I've looked for those tickets through the entire house, at least 3 times. MrCat has looked a couple times. So last night as a last-ditch effort, I dumped out my daily bag of stuff I carry back and forth to work (hoping to find time to get things done), cos it's the only place I haven't looked, and lo and behold, there were the tickets, stuck in the middle of D18's college paperwork that I needed to help her with. **blush**
MrCat wasn't upset, as he had to admit they were just as easily lost in all his junk, while all I have is one bag. So at least he isn't feeling as defensive with me lately, after all my months of MBing, that he had to blame me. So that's progress.

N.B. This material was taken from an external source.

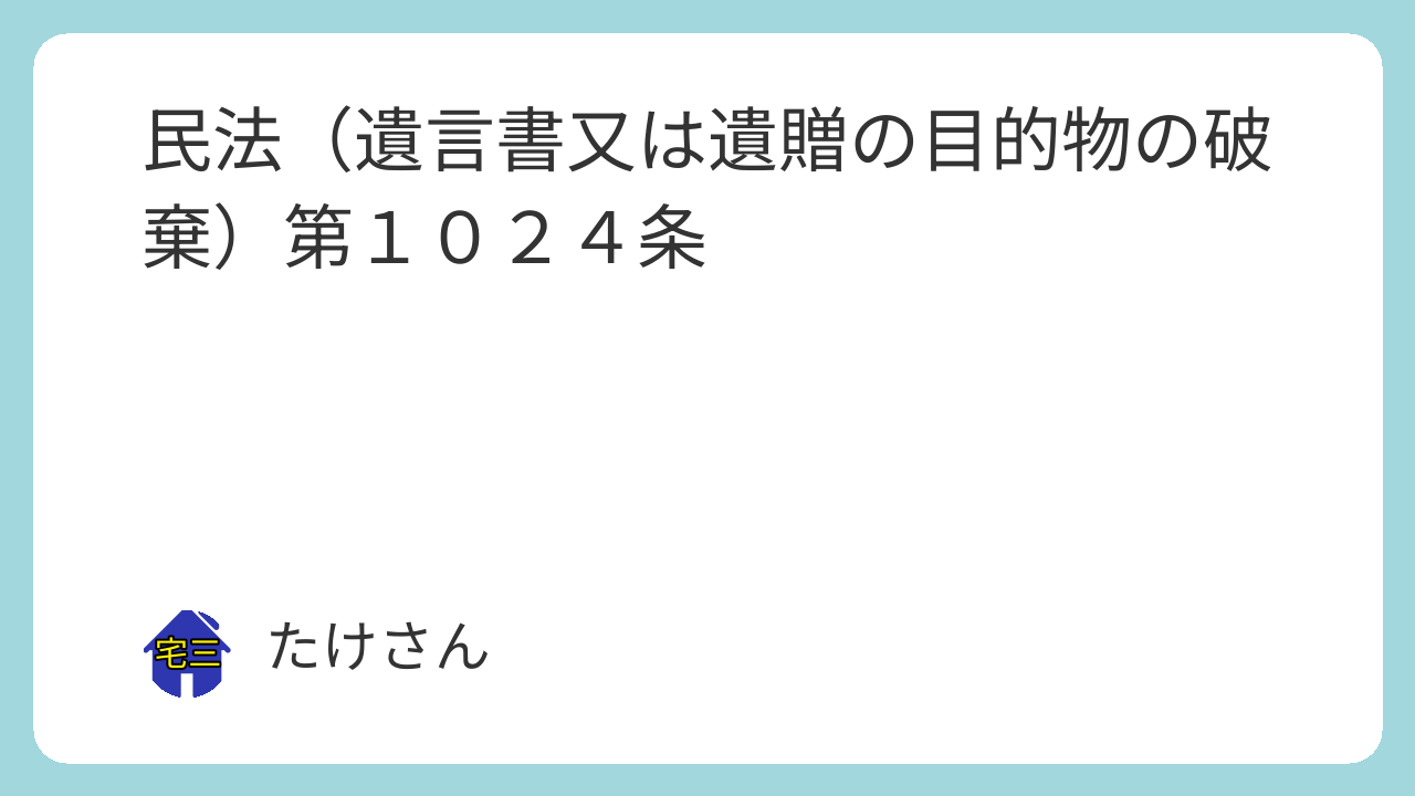第千二十四条 遺言者が故意に遺言書を破棄したときは、その破棄した部分については、遺言を撤回したものとみなす。遺言者が故意に遺贈の目的物を破棄したときも、同様とする。

The kicker is that I bought tickets for Jan. 30, but when I opened the envelope the lady gave me at the ticket window, she gave me tickets for DECEMBER 30! I never even looked at them. Grrr. So I'm going to call today and see if I can get them to exchange them. Doubtful, but we'll see. *blush* *giggle* I hate it when that happens! That sort of thing happens to me too. (Yes, technically things don't happen "to" us, we have some part in it... ) It was a really good sign in our M when H and I were able to apologize to each other and accept each other's apology in such situations, with a little smile and humor and humility and compassion. It's *great* to see y'all getting to that point!!! I really hope they will see the mistake in the Dec 30/Jan 30 and exchange the tickets. I'd think it would be quite believable since you're doing this on Jan. 30 (when an honest mistake would likely first be noticed) instead of soon after Dec. 30.
me - 47 H - 39 married 2001 DS 8a DS 8b :crosseyedcrazy: (Why is DS7b now a blockhead???) (Ack! Now he's not even a blockhead, just a word! That's no fun!)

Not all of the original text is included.